The US government has a thing for coming back to the same debates - all for more surveillance and spying powers. Once what you might have called a win is brought back under the discussion and there go all the previous efforts and rulings. While Apple and FBI's highly publicized battle over the San Bernardino shooter's iPhone access made it into the tech's history book of how the companies should fight for the privacy and security of their users, Microsoft has been fighting a somewhat similar battle with the DOJ for nearly half a decade now.
The debate is over the agencies pushing tech companies to get the data stored on foreign soil. Microsoft - and other tech companies and different courts - have long argued that the US government cannot extraterritorially access or retrieve data in a foreign country with a local warrant. The landmark email privacy case is now going before the Supreme Court as the Justice Department is not in for taking a no.
The Redmond software giant has so far managed to receive support from nearly all corners - tech companies, foreign governments (including US allies), faculty from Harvard and Princeton, and the members of the US Congress. However, the Justice Department doesn't care as long as it can scoop up even more data with little to no oversight.
Several hundred organizations, scholars, scientists, and trade associations signed twenty-three amicus briefs supporting Microsoft’s case with the Supreme Court. The group collectively represent millions of members across 37 countries, proving that the case has far reaching repercussions. The organizations and the privacy advocates demand that the DOJ needs to seek access to these emails through a treaty process, not a warrant issued under an American law going back to the last century.
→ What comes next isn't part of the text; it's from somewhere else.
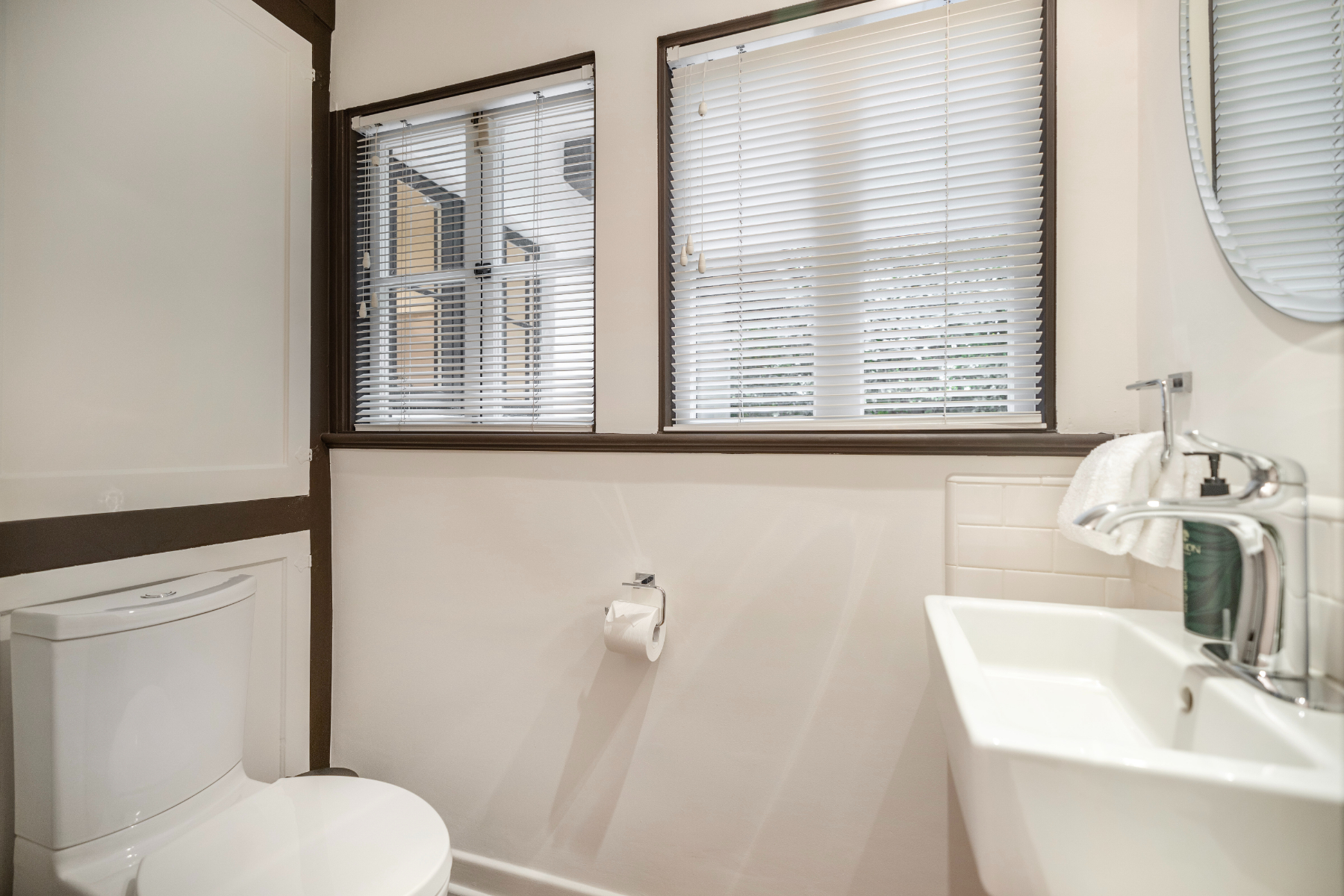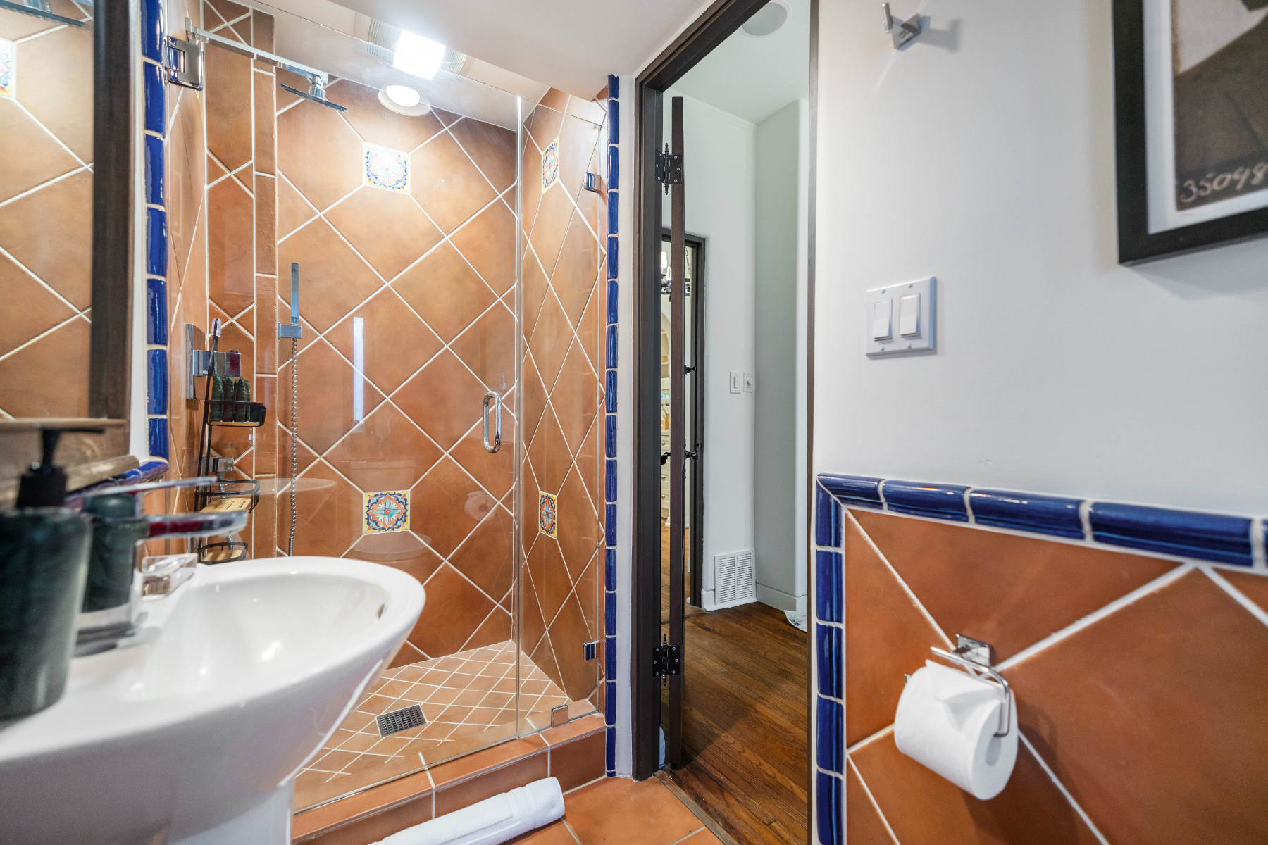 Inside, vaulted beamed ceilings amplify the grandeur of the main level, while an abundance of windows seamlessly integrates the enchanting outdoor landscape with the interior. Ascend the original balustrade to find the light-drenched master suite, complete with a glass-enclosed shower and an oversized soaking tub for spa-like relaxation.

Annoyed, Brad Smith, Microsoft's President and Chief Legal Officer, wrote a scathing piece this evening saying that law enforcement cannot deal with these issues by creating solutions using a "meat cleaver" as it has international ramifications.
Congress never gave law enforcement the power to ignore treaties and breach Ireland’s sovereignty in this way. How could it? The government relies on a law that was enacted in 1986, before anyone conceived of cloud computing.
Privacy advocates and trade associations have argued that the DOJ forcing the Redmond software maker to comply with the warrant to collect data stored in Ireland would violate European privacy laws.
Everyone: use mutual treaty process not a 1986 law | DOJ: Nope
Instead of seeking this data under the Stored Communications Act (of the Electronic Communications Privacy Act of 1986), the US government could use the Mutual Legal Assistance Treaty (MLAT) process to contact Irish authorities, get a local warrant served on Microsoft's subsidiary that controls the data center, and get its hands on the data.
Tech companies have also suggested that lawmakers need to bring in a new law that is current with the existing technologies and wasn't designed before the days of the world wide web.
"Under our Constitution, only Congress can do that [write a new law], using its tools to craft a nuanced solution that balances all the competing concerns by enacting a statute for the 21st century.”
However, as impatient as the DOJ has always been, the Department doesn't believe it can miss out on all this data in the meantime. The Justice Department says that going through a treaty process or waiting for a new law would create delays in cases. However, if it had gone with the MLAT route, it would have received that data first requested in 2013 years ago. It appears the DOJ would rather deal with international issues than follow due process. The French government also said earlier this week this will create "a significant risk of conflict of laws."
The problem? Microsoft warns Americans' data would also be up for grabs by foreign nations
"It’s also a path that will lead to the doorsteps of American homes by putting the privacy of U.S. citizens’ emails at risk," Smith warned. Naturally, if the US government uses a local warrant to push a company to get data store elsewhere, it's only setting a precedent for other countries.
"If the U.S. government obtains the power to search and seize foreign citizens’ private communications physically stored in other countries, it will invite other governments to do the same thing," Smith added. "If we ignore other countries’ laws, how can we demand that they respect our laws?"
- The Supreme Court will hear arguments on 27th February.